Meta and Mark Zuckerberg are defendants in a lawsuit from five major book publishers and author Scott Turow, who claim the tech giant infringed on copyrights by training AI systems on ripped and pirated works, according to a Tuesday filing in New York federal court.

Turow and five publishers – Hachette, Macmillan, McGraw Hill, Elsevier and Cengage – all alleged that Zuckerberg instructed Meta’s AI programs be trained by copying millions of books, articles, and other written work through pirating sites and web scrapes.

“In their effort to win the AI ‘arms race’ and build a functional generative AI model, Defendants Meta and Zuckerberg followed their well-known motto: ‘move fast and break things,’” the plaintiffs’ lawsuit read. ”They first illegally torrented millions of copyrighted books and journal articles from notorious pirate sites and downloaded unauthorized web scrapes of virtually the entire internet. They then copied those stolen fruits many times over to train Meta’s multibillion-dollar generative AI system called Llama. In doing so, Defendants engaged in one of the most massive infringements of copyrighted materials in history.”

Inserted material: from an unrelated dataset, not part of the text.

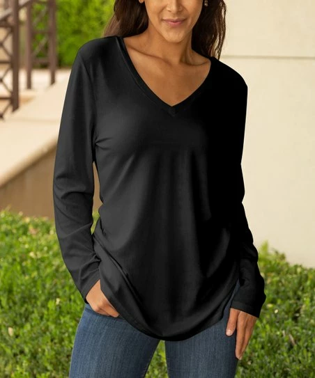 This v-neck tunic is designed with long sleeves and stretch-enhanced fabric.

The suit added: “Meta — at Zuckerberg’s direction — copied millions of books, journal articles, and other written works without authorization, including those owned or controlled by Plaintiffs and the Class, and then made additional copies of those works to train Llama. Zuckerberg himself personally authorized and actively encouraged the infringement. Meta also stripped [copyright management information] from the copyrighted works it stole. It did this to conceal its training sources and facilitate their unauthorized use.”

The plaintiffs are seeking unspecified damages in a jury trial.

The lawsuit went on to explain that Meta briefly considered expanding its licensing deals with publishers following the release of the Llama 1 tool. The document floated a $200 million increase to the licensing budget before looking to Zuckerberg for a call.

“The question of whether to license or pirate moving forward was ‘escalated’ to Zuckerberg,” the suit read. “After this escalation to Zuckerberg, Meta’s business development team received verbal instructions to stop licensing efforts. One Meta employee presciently described the rationale: ‘If we license once [sic] single book, we won’t be able to lean into the fair-use strategy.’”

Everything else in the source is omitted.